Cita del evangelio del día: Jn 18,1—19,42
En aquel tiempo, Jesús pasó con sus discípulos al otro lado del torrente Cedrón, donde había un huerto, en el que entraron él y sus discípulos. Pero también Judas, el que le entregaba, conocía el sitio, porque Jesús se había reunido allí muchas veces con sus discípulos. Judas, pues, llega allí con la cohorte y los guardias enviados por los sumos sacerdotes y fariseos, con linternas, antorchas y armas. Jesús, que sabía todo lo que le iba a suceder, se adelanta y les pregunta: «¿A quién buscáis?». Le contestaron: «A Jesús el Nazareno». Díceles: «Yo soy». Judas, el que le entregaba, estaba también con ellos. Cuando les dijo: «Yo soy», retrocedieron y cayeron en tierra. Les preguntó de nuevo: «¿A quién buscáis?». Le contestaron: «A Jesús el Nazareno». Respondió Jesús: «Ya os he dicho que yo soy; así que si me buscáis a mí, dejad marchar a éstos». Así se cumpliría lo que había dicho: «De los que me has dado, no he perdido a ninguno». Entonces Simón Pedro, que llevaba una espada, la sacó e hirió al siervo del Sumo Sacerdote, y le cortó la oreja derecha. El siervo se llamaba Malco. Jesús dijo a Pedro: «Vuelve la espada a la vaina. La copa que me ha dado el Padre, ¿no la voy a beber?».

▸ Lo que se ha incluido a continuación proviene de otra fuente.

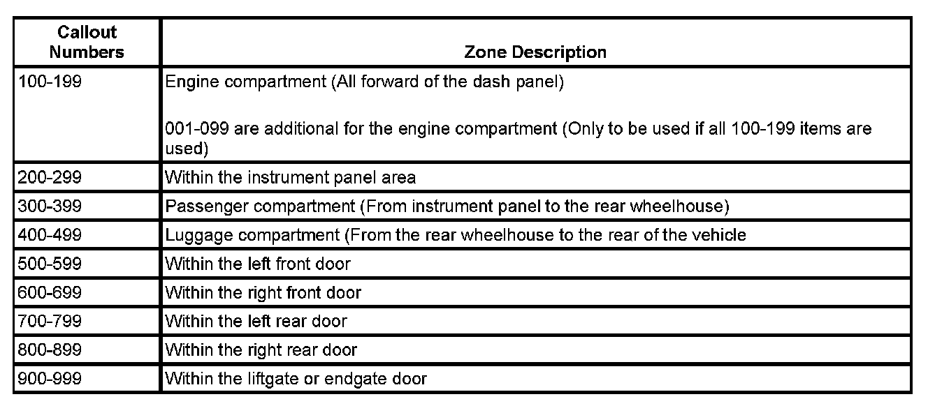 All grounds, in-line connectors, pass-through grommets, and splices have identifying numbers that correspond to where they are located in the vehicle. The following table explains the numbering system.
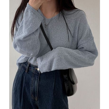 透け感ニットトップス Vネック 長袖春服

Entonces la cohorte, el tribuno y los guardias de los judíos prendieron a Jesús, le ataron y le llevaron primero a casa de Anás, pues era suegro de Caifás, el Sumo Sacerdote de aquel año. Caifás era el que aconsejó a los judíos que convenía que muriera un solo hombre por el pueblo. Seguían a Jesús Simón Pedro y otro discípulo. Este discípulo era conocido del Sumo Sacerdote y entró con Jesús en el atrio del Sumo Sacerdote, mientras Pedro se quedaba fuera, junto a la puerta. Entonces salió el otro discípulo, el conocido del Sumo Sacerdote, habló a la portera e hizo pasar a Pedro. La muchacha portera dice a Pedro: «¿No eres tú también de los discípulos de ese hombre?». Dice él: «No lo soy». Los siervos y los guardias tenían unas brasas encendidas porque hacía frío, y se calentaban. También Pedro estaba con ellos calentándose. El Sumo Sacerdote interrogó a Jesús sobre sus discípulos y su doctrina. Jesús le respondió: «He hablado abiertamente ante todo el mundo; he enseñado siempre en la sinagoga y en el Templo, donde se reúnen todos los judíos, y no he hablado nada a ocultas. ¿Por qué me preguntas? Pregunta a los que me han oído lo que les he hablado; ellos saben lo que he dicho». Apenas dijo esto, uno de los guardias que allí estaba, dio una bofetada a Jesús, diciendo: «¿Así contestas al Sumo Sacerdote?». Jesús le respondió: «Si he hablado mal, declara lo que está mal; pero si he hablado bien, ¿por qué me pegas?». Anás entonces le envió atado al Sumo Sacerdote Caifás. Estaba allí Simón Pedro calentándose y le dijeron: «¿No eres tú también de sus discípulos?». El lo negó diciendo: «No lo soy». Uno de los siervos del Sumo Sacerdote, pariente de aquel a quien Pedro había cortado la oreja, le dice: «¿No te vi yo en el huerto con Él?». Pedro volvió a negar, y al instante cantó un gallo.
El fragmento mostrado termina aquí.